Available data.
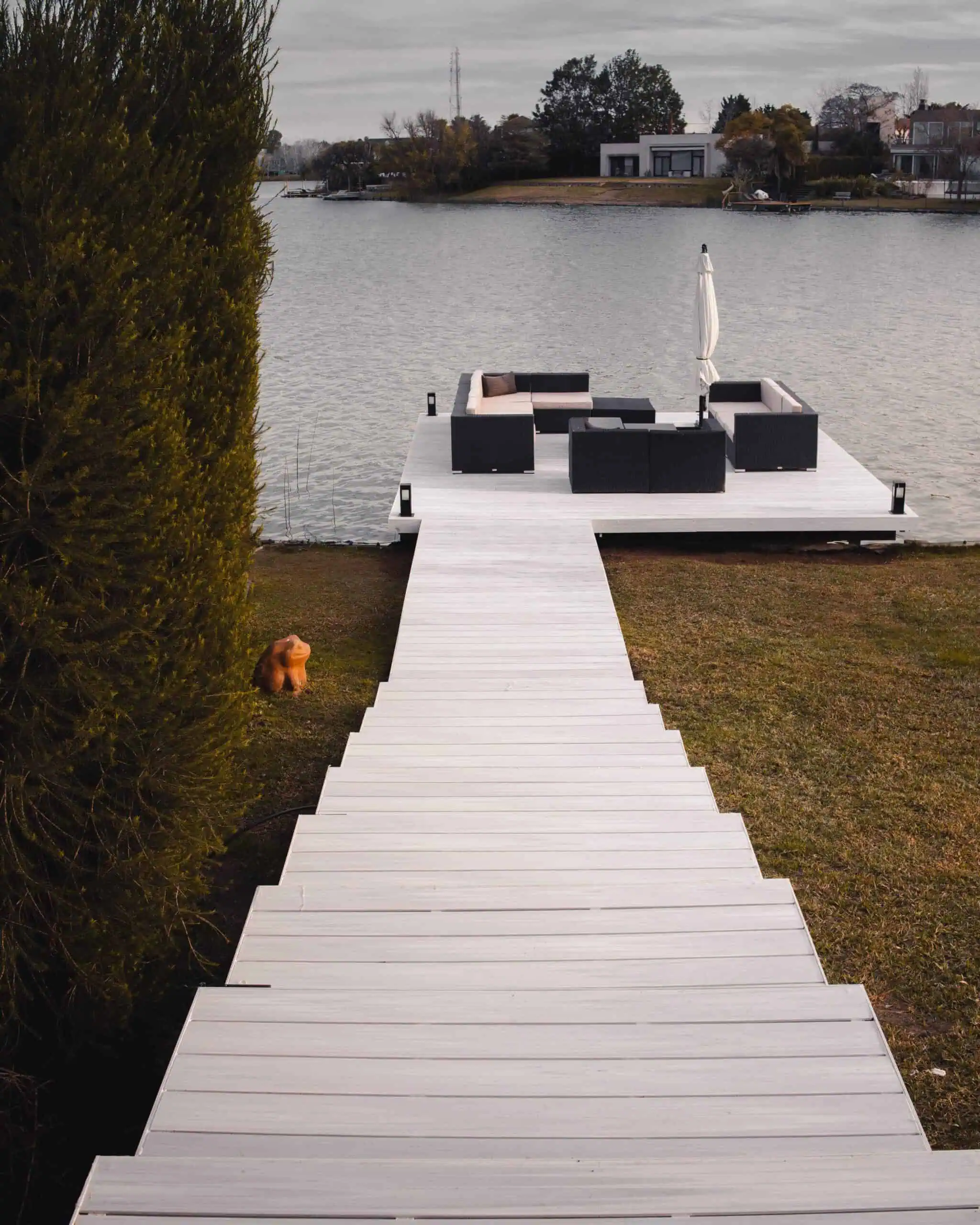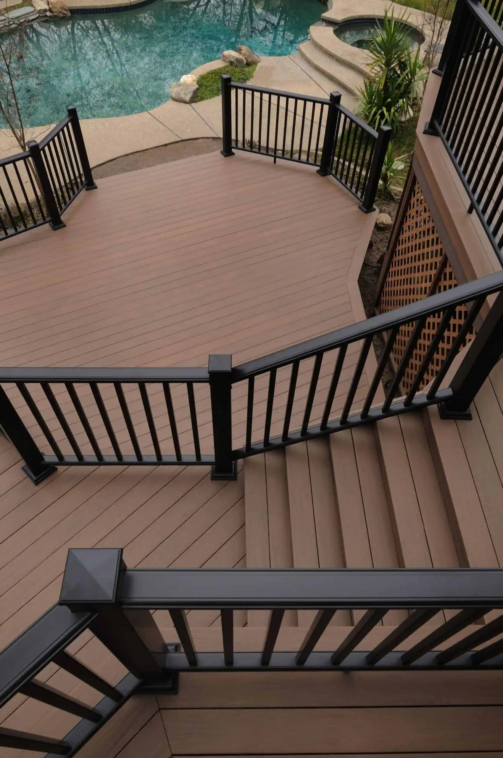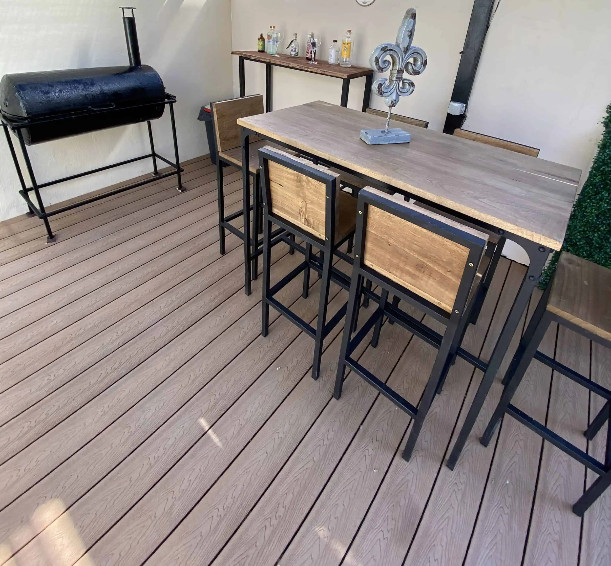 El material WPC (Wood Plastic Composite) por sus siglas en inglés es un tipo de plataforma fabricada a partir de una combinación de fibras de madera y plástico. Su apariencia es similar a la madera lo cual le da una estética super elegante.
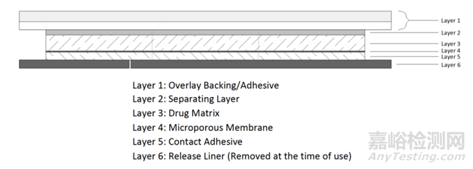 第一層為包裝背襯/粘合層,第二層為隔離層,第三層為藥物層,第四層為微孔控釋膜,第五層為皮膚粘合層,第六層為背襯層(用時(shí)撕開棄用)。
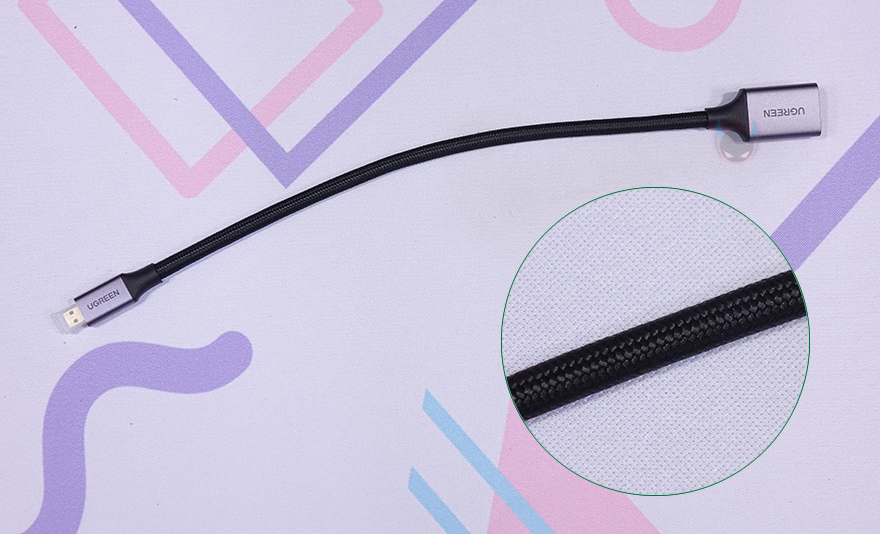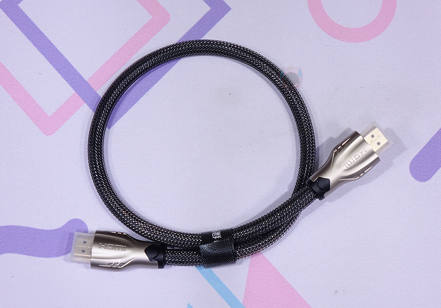그리고, 또하나의 HDMI 케이블은 마이크로 HDMI 어댑터 제품으로 길이는 25cm이며, 꼬임방지를 위해 직조케이블형태로 슬리빙처리를 했습니다. 또한 , 어댑터 제품답게 한쪽에는 기본 HDMI Type-A와 연결되는 포트가 적용되었고, 반대쪽에는 카메라 같은 장치에 사용되는 마이크로 HDMI 인터페이스를 갖추고 있죠.

What is expected.
When you output the listing, reproduce it exactly but drop its pictures.

The answer.
 El material WPC (Wood Plastic Composite) por sus siglas en inglés es un tipo de plataforma fabricada a partir de una combinación de fibras de madera y plástico. Su apariencia es similar a la madera lo cual le da una estética super elegante.
 第一層為包裝背襯/粘合層,第二層為隔離層,第三層為藥物層,第四層為微孔控釋膜,第五層為皮膚粘合層,第六層為背襯層(用時(shí)撕開棄用)。
그리고, 또하나의 HDMI 케이블은 마이크로 HDMI 어댑터 제품으로 길이는 25cm이며, 꼬임방지를 위해 직조케이블형태로 슬리빙처리를 했습니다. 또한 , 어댑터 제품답게 한쪽에는 기본 HDMI Type-A와 연결되는 포트가 적용되었고, 반대쪽에는 카메라 같은 장치에 사용되는 마이크로 HDMI 인터페이스를 갖추고 있죠.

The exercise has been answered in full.